- [TASK] Leaving out all pictures, return the records word for word.

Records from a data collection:

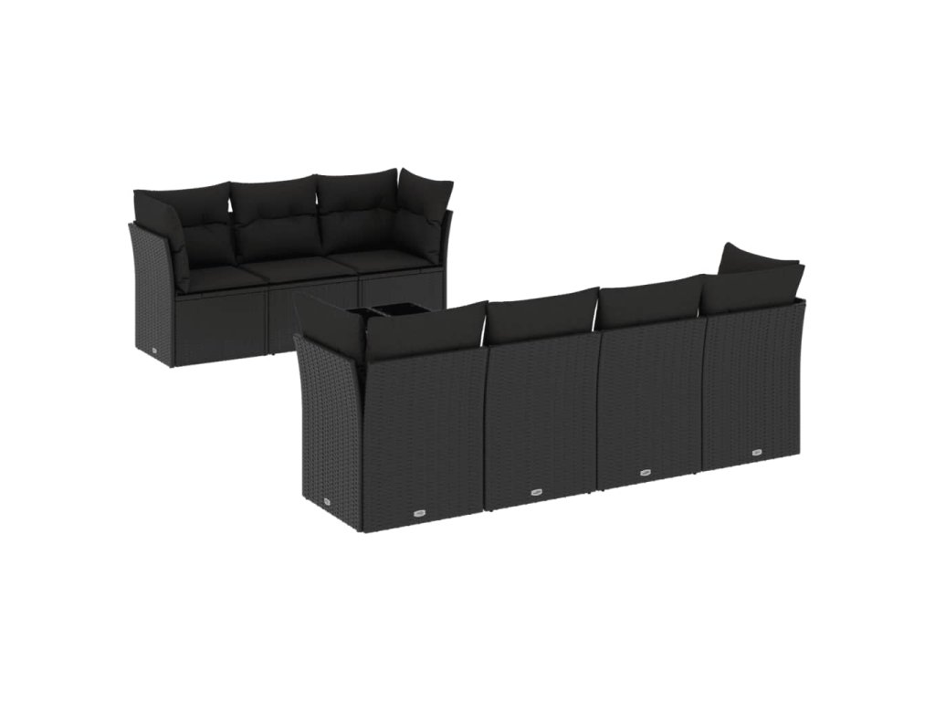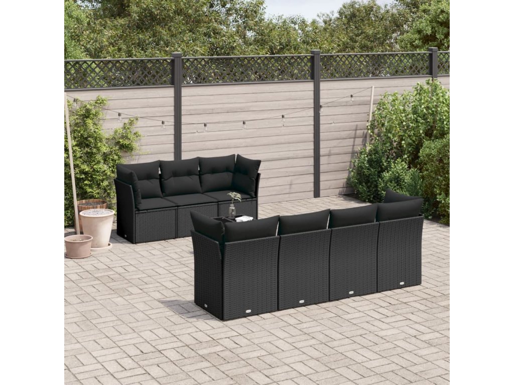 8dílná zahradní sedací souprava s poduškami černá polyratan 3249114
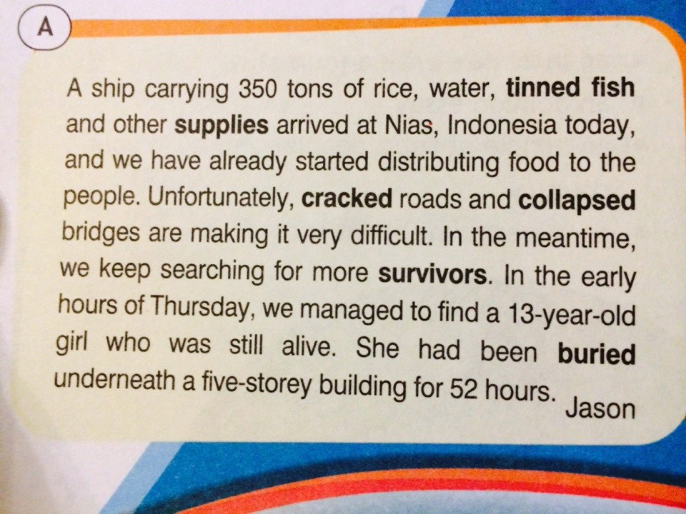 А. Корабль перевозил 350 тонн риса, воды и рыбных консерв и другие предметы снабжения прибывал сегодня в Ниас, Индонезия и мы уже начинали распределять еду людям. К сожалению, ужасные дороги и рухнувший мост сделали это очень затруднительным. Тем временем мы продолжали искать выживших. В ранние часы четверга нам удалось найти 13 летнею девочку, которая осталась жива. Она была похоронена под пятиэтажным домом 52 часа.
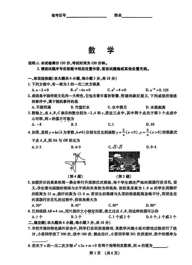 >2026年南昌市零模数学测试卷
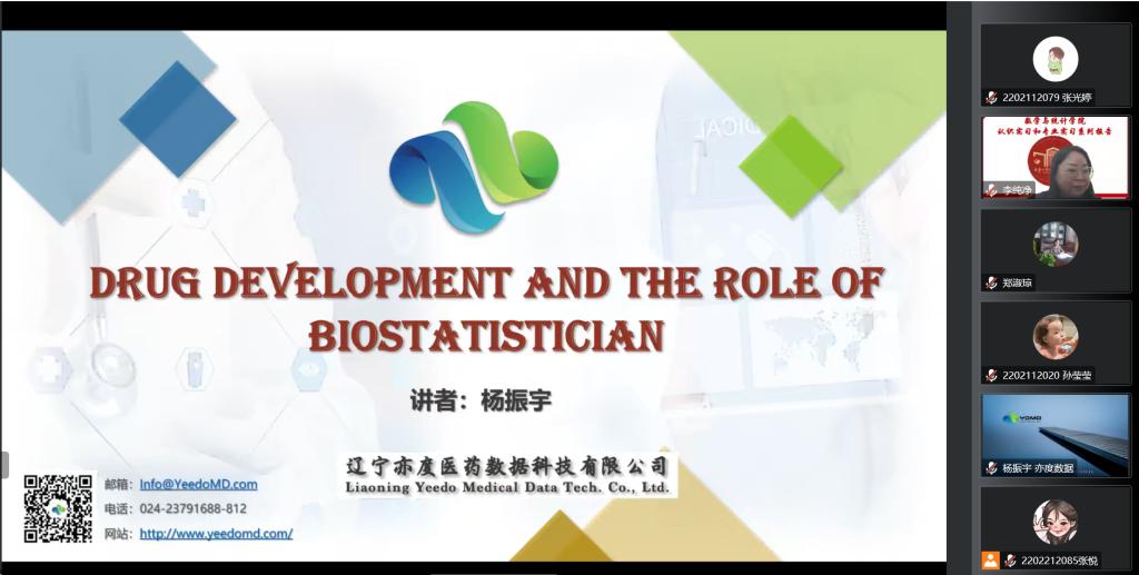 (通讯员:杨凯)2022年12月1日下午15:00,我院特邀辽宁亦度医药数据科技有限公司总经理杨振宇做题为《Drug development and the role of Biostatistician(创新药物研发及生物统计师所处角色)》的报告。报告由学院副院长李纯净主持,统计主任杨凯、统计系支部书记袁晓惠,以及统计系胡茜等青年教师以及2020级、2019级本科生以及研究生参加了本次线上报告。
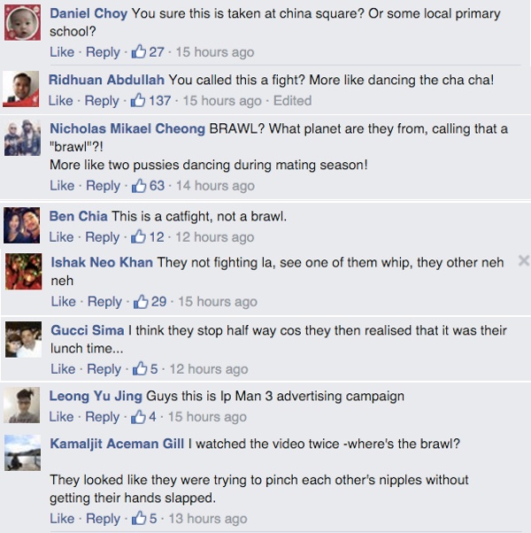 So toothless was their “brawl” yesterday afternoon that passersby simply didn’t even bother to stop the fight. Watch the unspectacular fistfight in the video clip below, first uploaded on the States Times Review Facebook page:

- [REPLY TO THE TASK]
 8dílná zahradní sedací souprava s poduškami černá polyratan 3249114
 А. Корабль перевозил 350 тонн риса, воды и рыбных консерв и другие предметы снабжения прибывал сегодня в Ниас, Индонезия и мы уже начинали распределять еду людям. К сожалению, ужасные дороги и рухнувший мост сделали это очень затруднительным. Тем временем мы продолжали искать выживших. В ранние часы четверга нам удалось найти 13 летнею девочку, которая осталась жива. Она была похоронена под пятиэтажным домом 52 часа.
 >2026年南昌市零模数学测试卷
 (通讯员:杨凯)2022年12月1日下午15:00,我院特邀辽宁亦度医药数据科技有限公司总经理杨振宇做题为《Drug development and the role of Biostatistician(创新药物研发及生物统计师所处角色)》的报告。报告由学院副院长李纯净主持,统计主任杨凯、统计系支部书记袁晓惠,以及统计系胡茜等青年教师以及2020级、2019级本科生以及研究生参加了本次线上报告。
 So toothless was their “brawl” yesterday afternoon that passersby simply didn’t even bother to stop the fight. Watch the unspectacular fistfight in the video clip below, first uploaded on the States Times Review Facebook page:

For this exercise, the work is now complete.